Bridge-side scheduling means zero model tokens burned on empty checks and
no bearer tokens embedded in cron prompts.

## 5. Telegram

- **The bot is owned by OpenClaw's native channel** (long-polling). The
  bridge's `TelegramChannel`, `telegram-webhook.ts` and `chat-mirror.ts`
  are legacy: Telegram forbids webhook + getUpdates on one token, so the
  webhook design could never receive a message.
- **The dashboard mirror reads the native session transcript** —
  `routes/chat-telegram.ts` resolves the `telegram:` session from
  `sessions.json` and serves the JSONL with cursor pagination and mtime
  caching. It filters to what Telegram actually saw: assistant messages
  carrying toolCall blocks (working narration) are skipped, thinking blocks
  ignored, injected metadata/system boilerplate stripped from user messages.

## 6. Audit Trail

`GET /tiger/activity/audit` merges, at read time, every durable action
store: `executions` (spawns), `tasks` (lifecycle), `outputs` (artifacts),
and OpenClaw's cron run JSONL. Cursor-paginated (`before=<ISO>`), type
filters.
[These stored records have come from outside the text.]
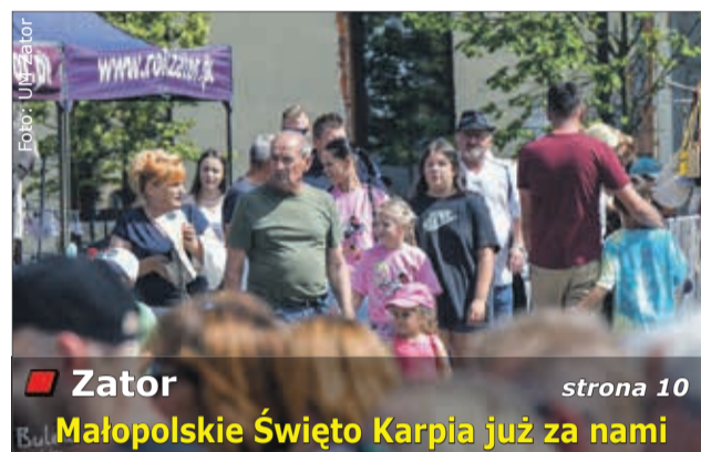
Zator Małopolskie Święto Karpia już za nami strona 10
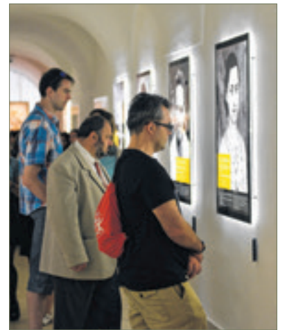
Nagy érdeklődés volt az Egyházmegyei Múzeum kiállításai iránt is

A helyszínek között szerepelt a Fekete Sas Patikamúzeum, a Nemzeti Emlékhely, a Városi Képtár – Deák-gyűjtemény, a Budenz-ház, az Egyházmegyei Múzeum, a Hetedhét Játékmúzeum és a Bory-vár is. A Fehérvári Programszervező Kft. által koordinált eseménysorozaton mindenki az izlésének és érdeklődési körének megfelelő programot választhatott. Ez évben rekord létszámú, 5561 látogató fordult meg a Múzeumok éjszakája helyszínein. A belépésre jogosító karszalagok árából befolyt összeg jótékony célokat szolgál.
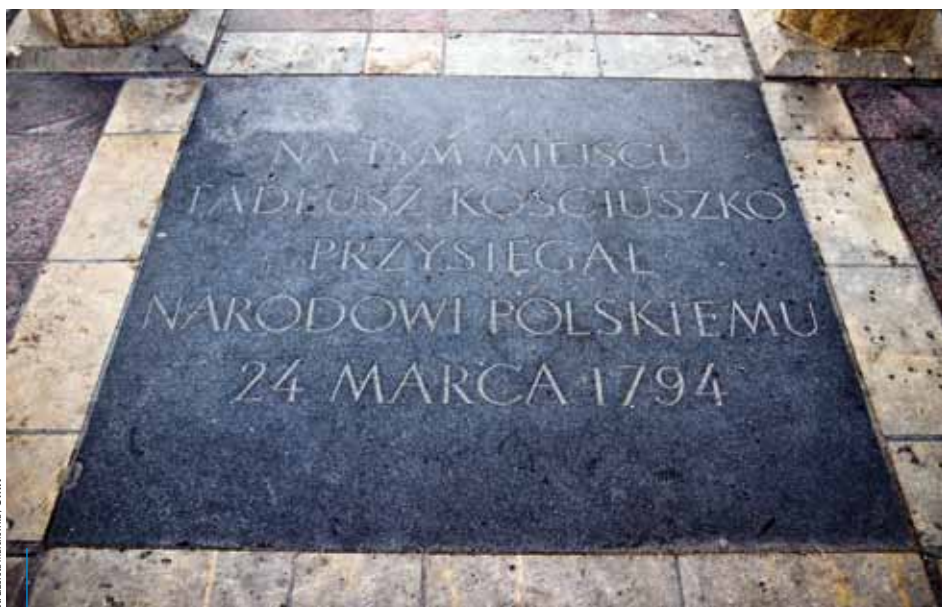
Tadeusz Kościuszko złożył swoją przysięgę rankiem 24 marca 1794 r.
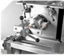
نظام إغلاق وفتح الحركة النواسية بشكل سهل للصيانة ولتبادل المنخل

easy open/close system for maintenance and mesh change

The dashboard `/activity` page adds recent file-modification
events on the first page. Read-time merging means history is complete
retroactively and no action can happen without its audit row.
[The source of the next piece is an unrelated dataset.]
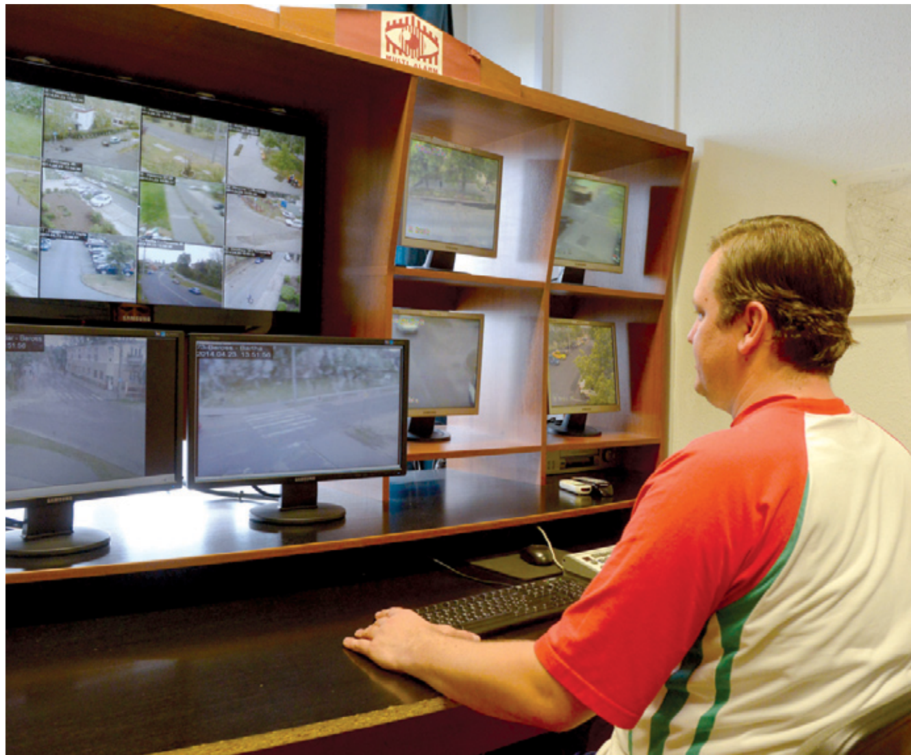
Egyre többen tudatosan élnek a térfigyelő kamerák nyújtotta előnyökkel

Az Alacska mellett több csomópont is bekerül a biztonsági rendszerbe
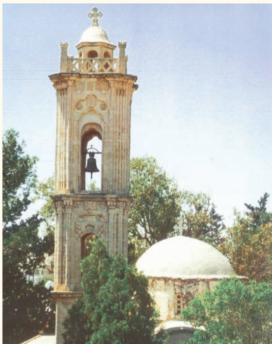
Ὁ ἀρχαῖος ναὸς τῆς Μεταμορφώσεως τοῦ Σωτῆρος, Σωτήρα Ἀμμοχώστου (13 ος , 16 ος , 19 ος αἰ.).

Ὁ ἀρχαῖος ναὸς τοῦ Σωτῆρος (13 ος αἰ.) 1 Ὁ ναὸς τῆς Μεταμορφώσεως τοῦ Σωτῆρος, ὁ ὁποῖος εἶναι γνωστὸς καὶ ὡς Χρυσοσώτη- ρος, ἔχει δώσει τὸ ὄνομά του καὶ στὸν οἰκισμό. Ὁ ναὸς εἶναι κτισμένος στὴ θέση παλαιοχρι-

## 7. Crons (OpenClaw, tz Asia/Kolkata)

| Job | Schedule | Timeout |
|---|---|---|
| Trade Baseline Reset | 9:15 daily | 60s |
| Trade P&L Monitor | every 2 min | 60s |
| Hourly Trade Summary + News | hourly | 90s |
| Hourly Task Check-in | 0 9-21 | 300s |
| EOD Trade Summary | 16:00 Mon–Fri | 300s |
| Weekly Digest | Mon 9:00 | 300s |

Timeout budget rationale: agent turns on this RAM-starved host can take
minutes; 300s is the ceiling that made chronically-failing jobs pass.

## 8. Security Posture

- Bridge: Bearer auth on all routes; token in `bridge/.env` +
  `dashboard/.env.local` + embedded in cron payloads (rotate all four
  together — `jobs.json` has it twice). Rotated 2026-06-10 after the old
  token leaked via a hardcode in `agents-activity.ts` to the public GitHub
  mirror. NEVER hardcode tokens in source: this repo mirrors publicly.
- Git: Forgejo (origin, SSH port 2222, key `id_ed25519_forgejo`) + GitHub
  mirror. Push both.
- position-tracker binds 127.0.0.1:3457; public access via Traefik at
  angel.manohargupta.com.
- Known weak spots: litellm-db password, `/opt/dashboard` fossil with a
  stale token, dual Telegram pollers (bridge poller should be disabled).

## 9. Known Constraints

- **RAM**: ~13GB workload on 8GB physical; 6+GB swap in steady state. This
  is the root cause of historical cron timeouts and the reason spawn
  concurrency is 1. Decision pending: evict homelab services vs upgrade.
- OpenClaw v2026.3.12 predates MiniMax-M3, hence the explicit
  `litellm/minimax-3` provider-prefixed model id.